Дурдом, психушка, бедный Ноев ковчег, наполненный изгоями человеческого общества, ты воистину непотопляем! Даже если бы люди никогда не сходили с ума, все равно ты был бы, наверное, придуман теми, кто вполне счастлив, обеспечен и пристроен в этой жизни. Может быть, потому, что счастье, устроенность и обеспеченность только и чувствуются на фоне чужой беды, чужой раздавленности, никчемности.

Презрение к падшим, серым и безумным — откуда оно в тебе, моя бедная Россия? Разве не были всегда россияне в числе самых милосердных и благотворящих, и разве не ты, Россия, славилась приютами для немощных, старых и брошенных? Что же случилось с тобой за минувшие десятилетия, откуда в тебе появилась такая жестокость к тем, кто и без того обижен жизнью, обделен судьбой?…

Елена спала. Время от времени кто-то к ней подходил, ее пытались кормить насильно, с ложечки, но она отмахивалась и снова уходила в сон… Видимо, это была жизненно необходимая физическая и нервная разрядка, тут сказалось и немыслимое душевное напряжение последних дней, и просто физическая слабость от бушующей в организме заразы.

На следующее утро Ворон пришел в отделение чуть свет. Елена, шагая за ним в процедурку, мечтала только об одном — чтобы он скорее сделал ей перевязку, и она снова могла бы слать, спать, спать…

В это утро Ворон перевязывал ее один, не дожидаясь Беленького. Он расставил в процедурной какие-то баночки с резко пахнущими мазями и накладывал эти мази на стерильные салфетки, потом салфетками закрывал гнойные раны и все это заклеивал.

Елена недоумевала.

— А что это за мазь? — наконец, спросила она.

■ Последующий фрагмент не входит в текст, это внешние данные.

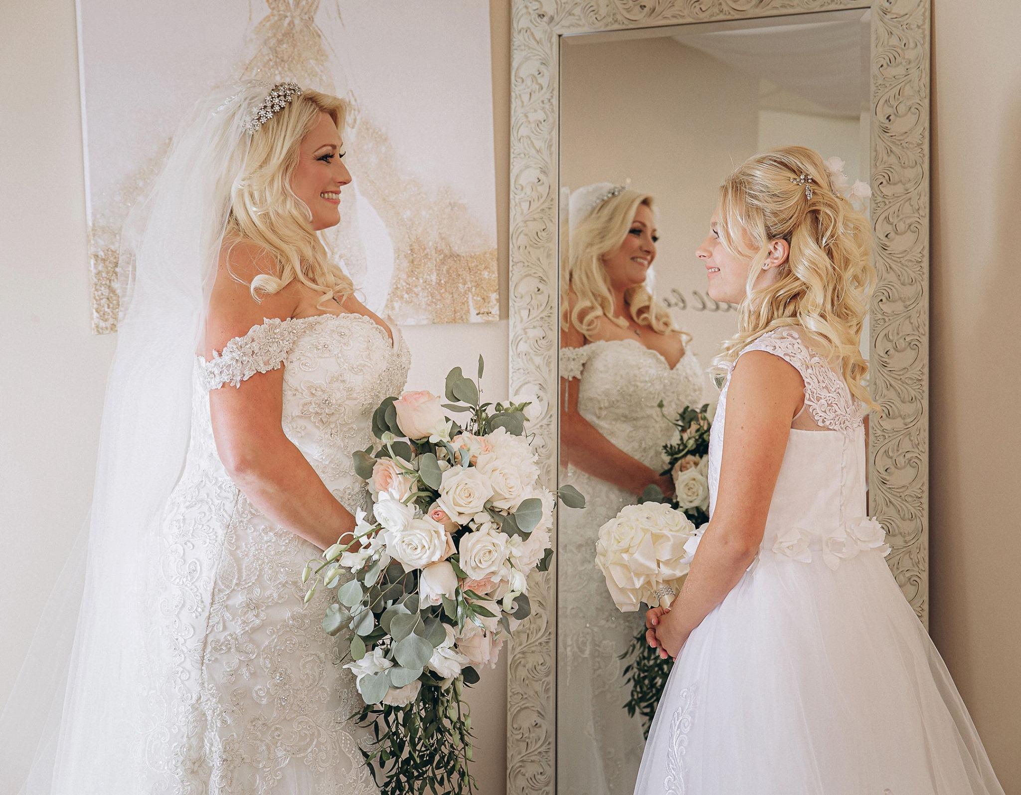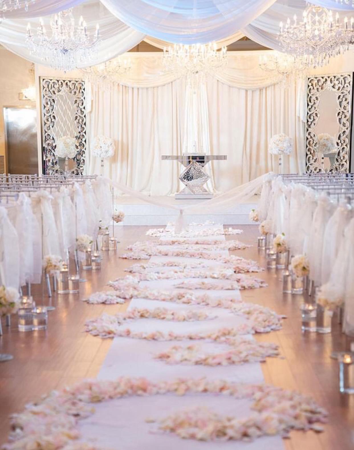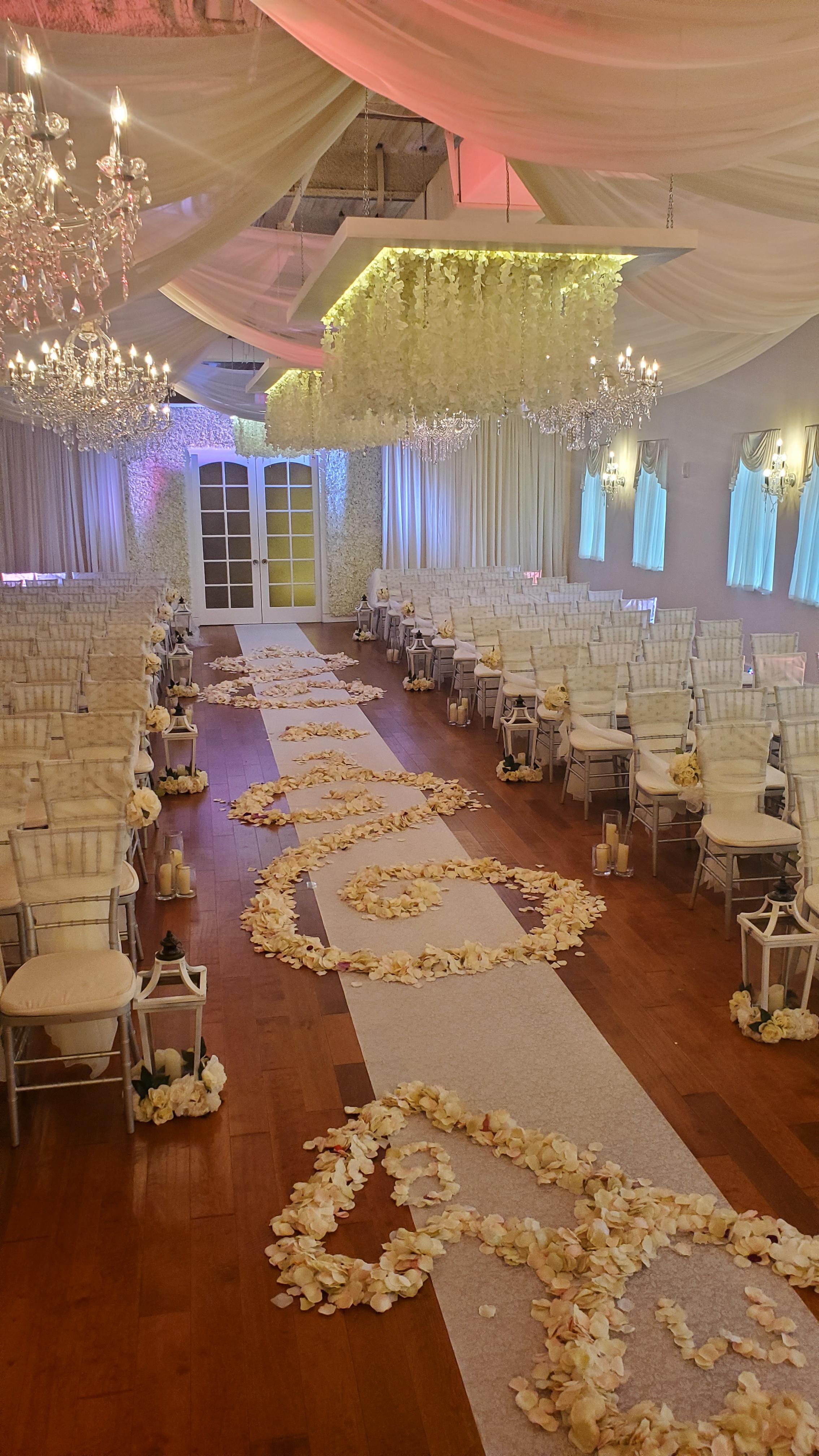 - 9 gorgeous crystal chandeliers - ceiling drapery - canopy of hanging wisteria florals - flickering candles down the aisle - accenting up lights - full stage area - accenting aisle floral arrangements - mirrored glass unity table - hydrangea floral wall - beautiful French door grand entrance - silver Chiavari chairs dressed in ivory sashes - VIP Suites for our most important Wedding Party members complete with plush seating areas, storage, full length mirrors, and vanity

— Самодельная. Сам готовил, — отрывисто бросил Ворон, продолжая сосредоточенно орудовать над склянками. — Я ведь когда-то увлекался народной медициной. Бабка у меня в знахарках ходила… Так что чем черт не шутит! А хуже тебе не будет от этих снадобий, за это ручаюсь.

Он закончил перевязку, достал из кармана крохотный пузырек, накапал несколько капель в мензурку и, разбавив водой, дал ей выпить.

— Что это? — опять спросила она.

— Пей, пей! Тоже трава. Очень редкая и просто волшебных свойств. Должно тебе помочь.

Елена выпила, кое-как доплелась до своей койки и снова провалилась в сон…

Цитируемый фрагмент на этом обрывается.